We got some videos in the pipeline coming up. The video
for “A Couple Dollars” with Joell [Ortiz] is going to come out at some point this week, I think it’s going to be lined up with the actual release date if I’m not mistaken. Then we have three more in the can and not one more out next week. Lot’s a visuals coming up; a behind the scenes documentary coming out. A 10-minute making of the album where we break it down, show us in the lab. A lot of little tools and things with the project.

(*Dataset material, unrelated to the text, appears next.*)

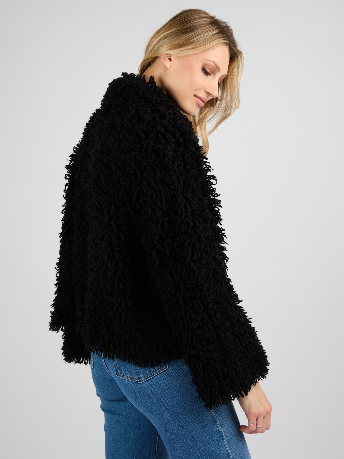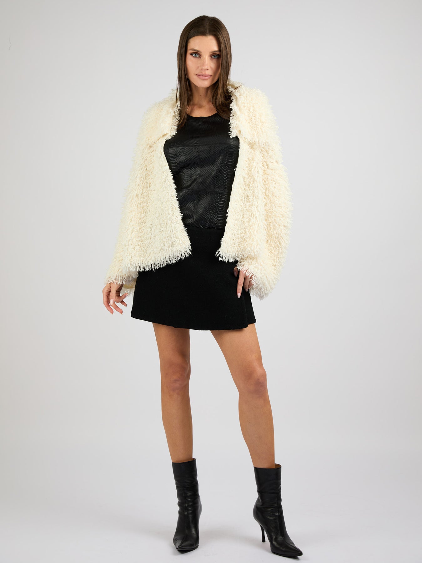 The CORTINA COAT is a sophisticated cropped jacket that hits perfectly at the waist, crafted from 100% Mongolian cashmere. Its loop stitch technique creates a distinctive fur texture effect. Complemented by long bell sleeves and a classic camp collar, making this piece both fashionable and refined. Ideal for those seeking elegance and comfort in one luxurious garment.

And the dope thing about the project is that it’s available in all formats. It’s vinyl, digital, CD, cassette tapes, so nowadays and beyond it gives you certain reflection of what was, which makes people feel good if they were in the what was part of the conversation. 20 years old, you in college. Somebody tweeted me today saying ‘yo I’m so glad you dropping another album this week because it’s right when midterms start and you always hold me down in college. Every year in college you drop an album for me to study to and listen and do what I gotta do in school. This is somebody if they in college, that means they under 23-years-old. You can’t say I’m making old school rap if I’m impacting 22 and 21-year-olds. These guys are the same guys listening to J. Cole, Kendrick Lamar, Drake, Joey Bada$$, and they listening to us. It means more than just being pigeonholed in with what was going on in ’86. I love what was going on in ‘86 because it made us. It made us what we are in 2016.